Data for the task:
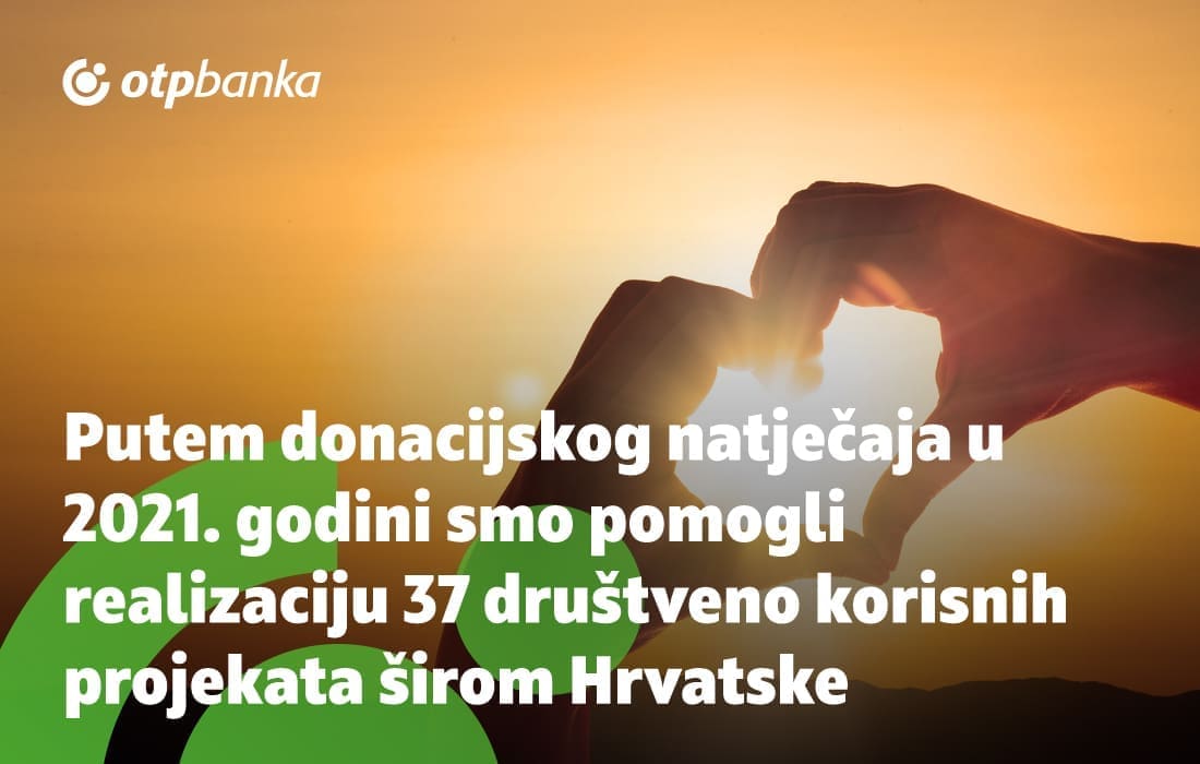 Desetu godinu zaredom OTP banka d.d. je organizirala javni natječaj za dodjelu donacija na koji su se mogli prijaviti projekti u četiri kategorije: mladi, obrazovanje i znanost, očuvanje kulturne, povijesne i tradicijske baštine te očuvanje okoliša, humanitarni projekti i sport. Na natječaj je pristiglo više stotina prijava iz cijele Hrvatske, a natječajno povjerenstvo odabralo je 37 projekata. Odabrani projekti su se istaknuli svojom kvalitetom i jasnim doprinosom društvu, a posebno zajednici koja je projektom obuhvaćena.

* * *

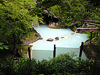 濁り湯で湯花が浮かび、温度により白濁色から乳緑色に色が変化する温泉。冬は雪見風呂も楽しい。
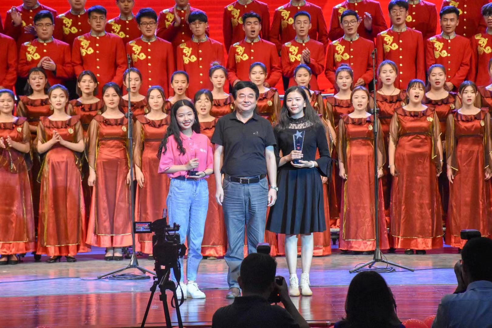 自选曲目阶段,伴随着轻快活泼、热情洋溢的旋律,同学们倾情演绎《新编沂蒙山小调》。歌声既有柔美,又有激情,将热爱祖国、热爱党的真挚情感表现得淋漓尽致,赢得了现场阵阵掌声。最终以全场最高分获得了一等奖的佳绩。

...

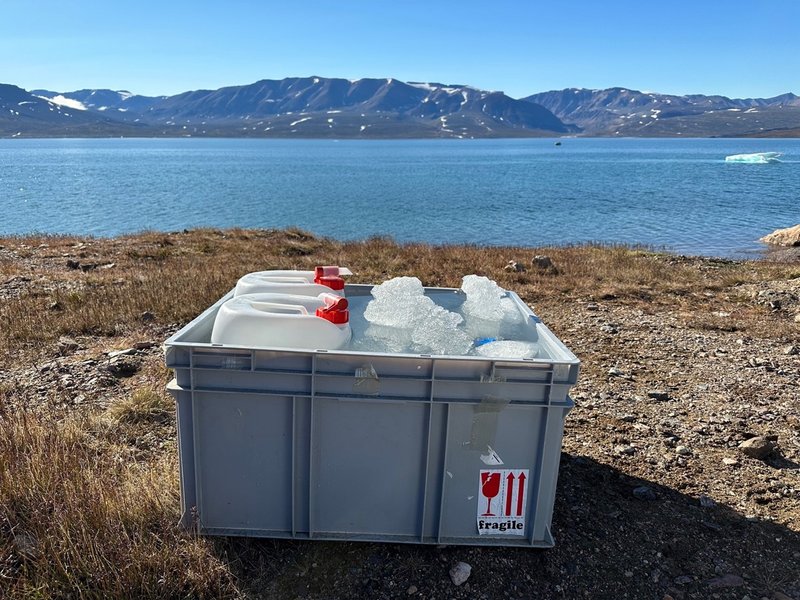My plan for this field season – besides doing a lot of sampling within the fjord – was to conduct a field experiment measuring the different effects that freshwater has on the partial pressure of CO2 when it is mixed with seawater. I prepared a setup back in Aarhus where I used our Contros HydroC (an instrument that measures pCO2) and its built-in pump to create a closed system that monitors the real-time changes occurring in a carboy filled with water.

Assignment: Leaving all pictures out, output exactly the lines of the material above from the line with "濁り湯で湯花が浮かび、温度に" to the line with "自选曲目阶段,伴随着轻快活泼", both included.

Answer section:
 濁り湯で湯花が浮かび、温度により白濁色から乳緑色に色が変化する温泉。冬は雪見風呂も楽しい。
 自选曲目阶段,伴随着轻快活泼、热情洋溢的旋律,同学们倾情演绎《新编沂蒙山小调》。歌声既有柔美,又有激情,将热爱祖国、热爱党的真挚情感表现得淋漓尽致,赢得了现场阵阵掌声。最终以全场最高分获得了一等奖的佳绩。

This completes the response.